The event is then executed, and the process repeats – forever in principle, and in practice until some termination condition occurs. In network science we often use a termination condition of equilibrium, where the network has in some sense “stabilised” so we can look at its overall state. In SIR this might be when there are no infected nodes left in the network, since no further events are then possible.

How are these three decisions made? The details are what differentiates between the different methods of simulation. For our purposes, epydemic provides a framework for simulating epidemics on networks, with the decision-making either being coded directly or – more conveniently – being offloaded to a software encoding of a compartmented model. It’s this framework we’ll turn to next.

The structure of epydemic simulations

What is the appropriate software structure for a simulator? There probably is no right answer to this, but epydemic views simulations as being composed of two distinct parts:

  1. Processes that define how the process being simulated behaves in time; and

  2. Dynamics that define how the model is used to produce and execute the stream of events making up the simulated process.
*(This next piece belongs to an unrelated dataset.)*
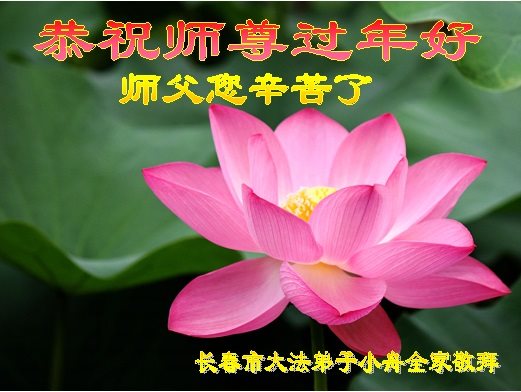 在新的一年里,弟子要牢记师尊的教诲,多学法,学好法,向内找,修好自己,抓紧时间多救人,做好三件事,整体提高,整体升华,正念正行,兑现誓约,跟师尊回家。 感谢师尊的慈悲苦度!弟子向师尊敬拜、合十! 吉林省长春大法弟子全家恭祝慈悲伟大的师尊过年好!师父您辛苦了!

A process defines methods for setting-up, running, and tearing-down the process for each experiment we run; for defining the rates at which different events occur; for the code that runs at each event; for collecting the results of the experiment; and for accessing and changing the network over which the process runs. There are all sorts of processes we can define, including the compartmented model process that executes compartmented disease models. (We’ll come onto these later.)

A dynamics by contrast determines which event runs next. This is the main division of labour between processes and models: a model defines what events do, while the dynamics defines what events run and in what order. The bridge between these two responsibilities is provided by the statistical functions on the process API that return the rates at which events should occur. The dynamics knows nothing about how these rates are computed: they will typically change as a result of events being fired; similarly, it knows nothing about what the events do.

There are two basic kinds of dynamics. Synchronous dynamics works in discrete time, and at each timestep decides whether each possible event occurs or not. Stochastic or Gillespie dynamics works in continuous time and is bboth more efficient and more statistically exact, at a cost of being perhaps less intuitive. Let’s look at the synchronous case first, even though it’s less commonly used in practice, and then tackle the stochastic case.